The listing below is to be duplicated exactly, with every picture omitted.

### DATASET EXCERPT

────────────────

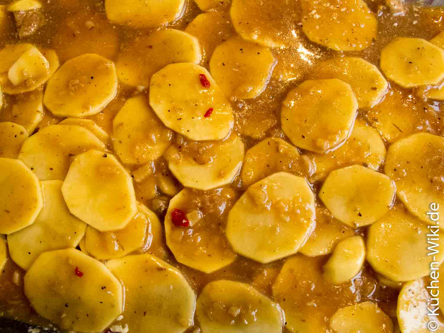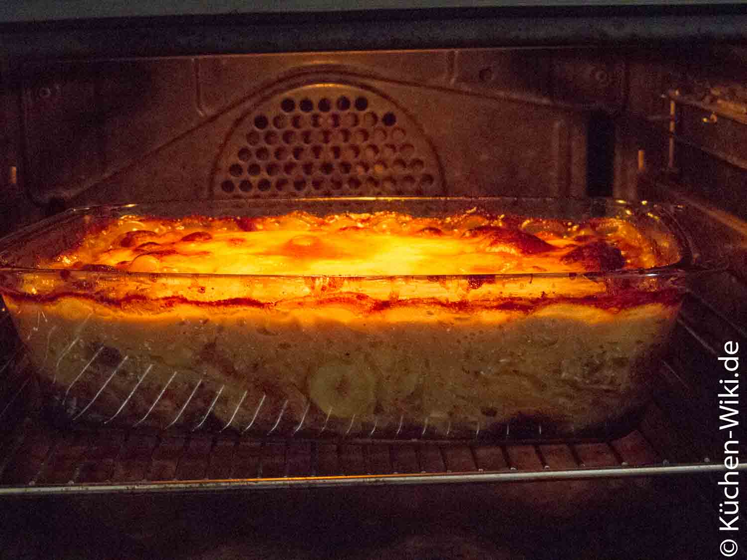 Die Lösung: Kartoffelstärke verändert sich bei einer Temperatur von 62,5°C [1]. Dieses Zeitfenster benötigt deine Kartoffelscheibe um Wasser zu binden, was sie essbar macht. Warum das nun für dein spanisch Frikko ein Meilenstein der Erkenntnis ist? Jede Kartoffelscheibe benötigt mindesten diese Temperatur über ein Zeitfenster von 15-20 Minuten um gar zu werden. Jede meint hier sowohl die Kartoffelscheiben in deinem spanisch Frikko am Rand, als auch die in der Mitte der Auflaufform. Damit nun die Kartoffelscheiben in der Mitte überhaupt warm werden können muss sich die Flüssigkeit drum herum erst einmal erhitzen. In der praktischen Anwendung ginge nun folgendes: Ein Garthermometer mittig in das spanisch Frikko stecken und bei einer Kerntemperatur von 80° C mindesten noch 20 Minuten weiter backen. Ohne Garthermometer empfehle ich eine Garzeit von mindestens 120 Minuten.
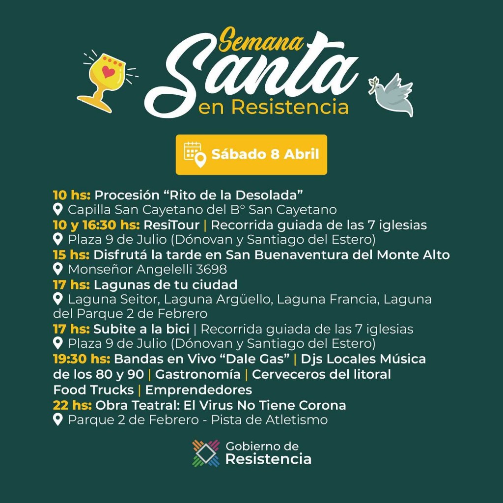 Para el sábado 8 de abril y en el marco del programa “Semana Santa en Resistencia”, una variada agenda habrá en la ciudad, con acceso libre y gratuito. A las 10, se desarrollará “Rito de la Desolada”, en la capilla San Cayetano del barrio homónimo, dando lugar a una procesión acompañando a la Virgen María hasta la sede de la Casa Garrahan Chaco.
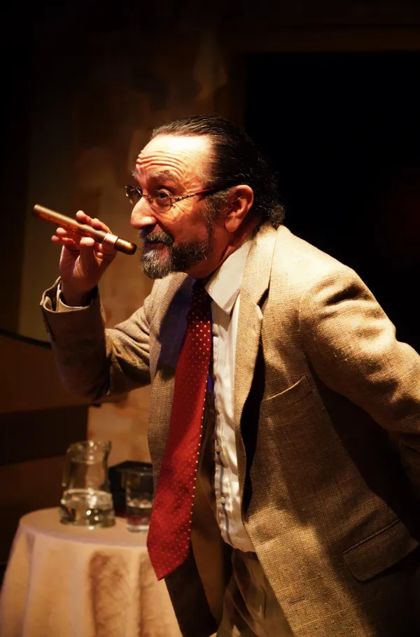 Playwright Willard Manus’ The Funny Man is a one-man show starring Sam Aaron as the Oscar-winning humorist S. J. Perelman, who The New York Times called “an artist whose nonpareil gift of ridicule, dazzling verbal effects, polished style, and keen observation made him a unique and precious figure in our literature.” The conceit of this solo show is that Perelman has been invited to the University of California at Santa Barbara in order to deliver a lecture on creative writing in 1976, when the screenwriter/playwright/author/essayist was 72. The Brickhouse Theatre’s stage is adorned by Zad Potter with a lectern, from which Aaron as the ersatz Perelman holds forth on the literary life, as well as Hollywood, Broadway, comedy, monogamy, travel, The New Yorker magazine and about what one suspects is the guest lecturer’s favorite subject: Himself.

────────────────

### WRITTEN SOLUTION
 Die Lösung: Kartoffelstärke verändert sich bei einer Temperatur von 62,5°C [1]. Dieses Zeitfenster benötigt deine Kartoffelscheibe um Wasser zu binden, was sie essbar macht. Warum das nun für dein spanisch Frikko ein Meilenstein der Erkenntnis ist? Jede Kartoffelscheibe benötigt mindesten diese Temperatur über ein Zeitfenster von 15-20 Minuten um gar zu werden. Jede meint hier sowohl die Kartoffelscheiben in deinem spanisch Frikko am Rand, als auch die in der Mitte der Auflaufform. Damit nun die Kartoffelscheiben in der Mitte überhaupt warm werden können muss sich die Flüssigkeit drum herum erst einmal erhitzen. In der praktischen Anwendung ginge nun folgendes: Ein Garthermometer mittig in das spanisch Frikko stecken und bei einer Kerntemperatur von 80° C mindesten noch 20 Minuten weiter backen. Ohne Garthermometer empfehle ich eine Garzeit von mindestens 120 Minuten.
 Para el sábado 8 de abril y en el marco del programa “Semana Santa en Resistencia”, una variada agenda habrá en la ciudad, con acceso libre y gratuito. A las 10, se desarrollará “Rito de la Desolada”, en la capilla San Cayetano del barrio homónimo, dando lugar a una procesión acompañando a la Virgen María hasta la sede de la Casa Garrahan Chaco.
 Playwright Willard Manus’ The Funny Man is a one-man show starring Sam Aaron as the Oscar-winning humorist S. J. Perelman, who The New York Times called “an artist whose nonpareil gift of ridicule, dazzling verbal effects, polished style, and keen observation made him a unique and precious figure in our literature.” The conceit of this solo show is that Perelman has been invited to the University of California at Santa Barbara in order to deliver a lecture on creative writing in 1976, when the screenwriter/playwright/author/essayist was 72. The Brickhouse Theatre’s stage is adorned by Zad Potter with a lectern, from which Aaron as the ersatz Perelman holds forth on the literary life, as well as Hollywood, Broadway, comedy, monogamy, travel, The New Yorker magazine and about what one suspects is the guest lecturer’s favorite subject: Himself.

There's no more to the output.